### Information provided
:::::

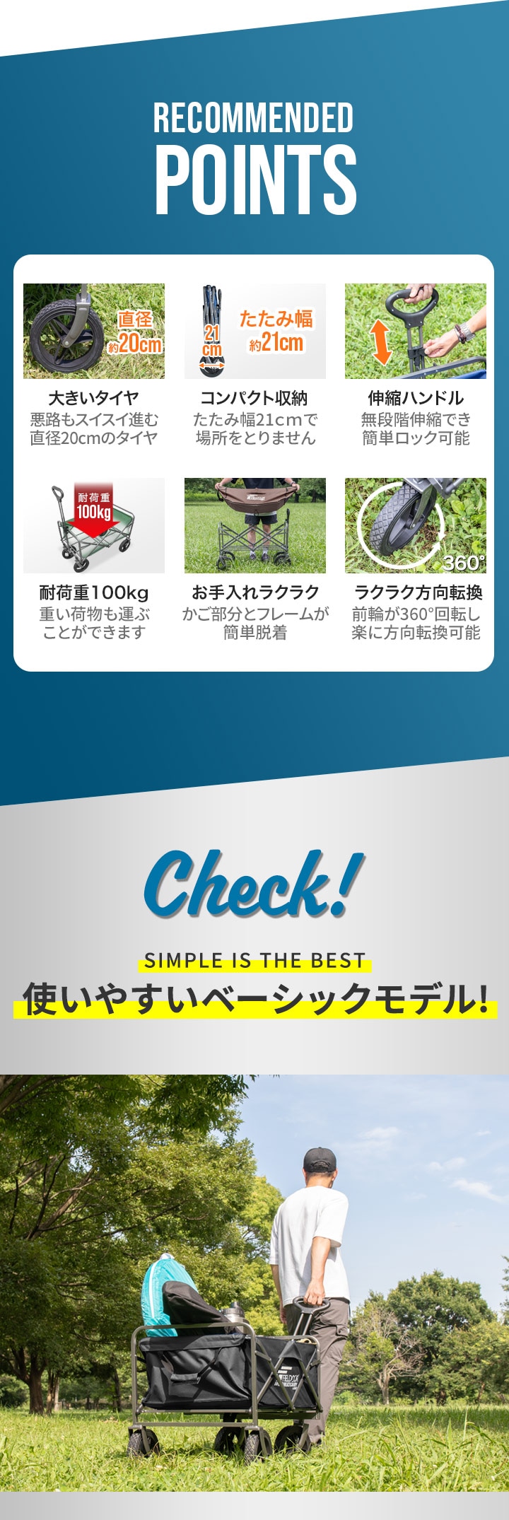 | サイズ: ・本体 : (約)長さ99cm×幅54cm×高さ76~103cm ・かごの寸法 : (約)長さ76cm×幅46cm×深さ27cm ・折りたたみ時 : (約)長さ54cm×幅40cm×高さ75cm |
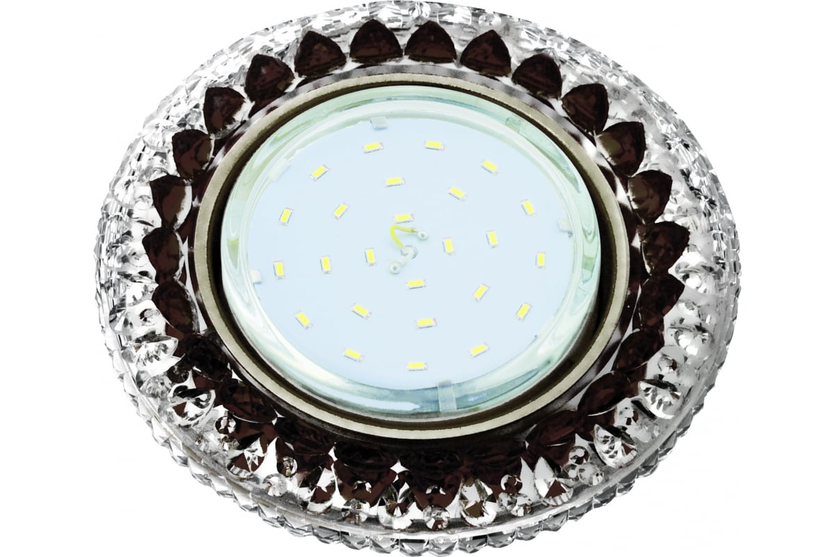 В изысканные интерьеры идеально впишется Ecola GX53 H4 LD7009 Светильник встр. искристый с подсветкой "Кристалл" Прозрачный и Черный / Хром 40x125 (к+).
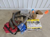 Champion 5000 lb winch kit, first aid kit, pipe wrench, (2) swing seats, clothes line reel, snowman, shop vac hose

:::::

### What is being asked
Only the lines from the one with "В изысканные интерьеры" through the end of the listing above should be output, exactly as written and with no pictures.

### Solution for this problem
 В изысканные интерьеры идеально впишется Ecola GX53 H4 LD7009 Светильник встр. искристый с подсветкой "Кристалл" Прозрачный и Черный / Хром 40x125 (к+).
 Champion 5000 lb winch kit, first aid kit, pipe wrench, (2) swing seats, clothes line reel, snowman, shop vac hose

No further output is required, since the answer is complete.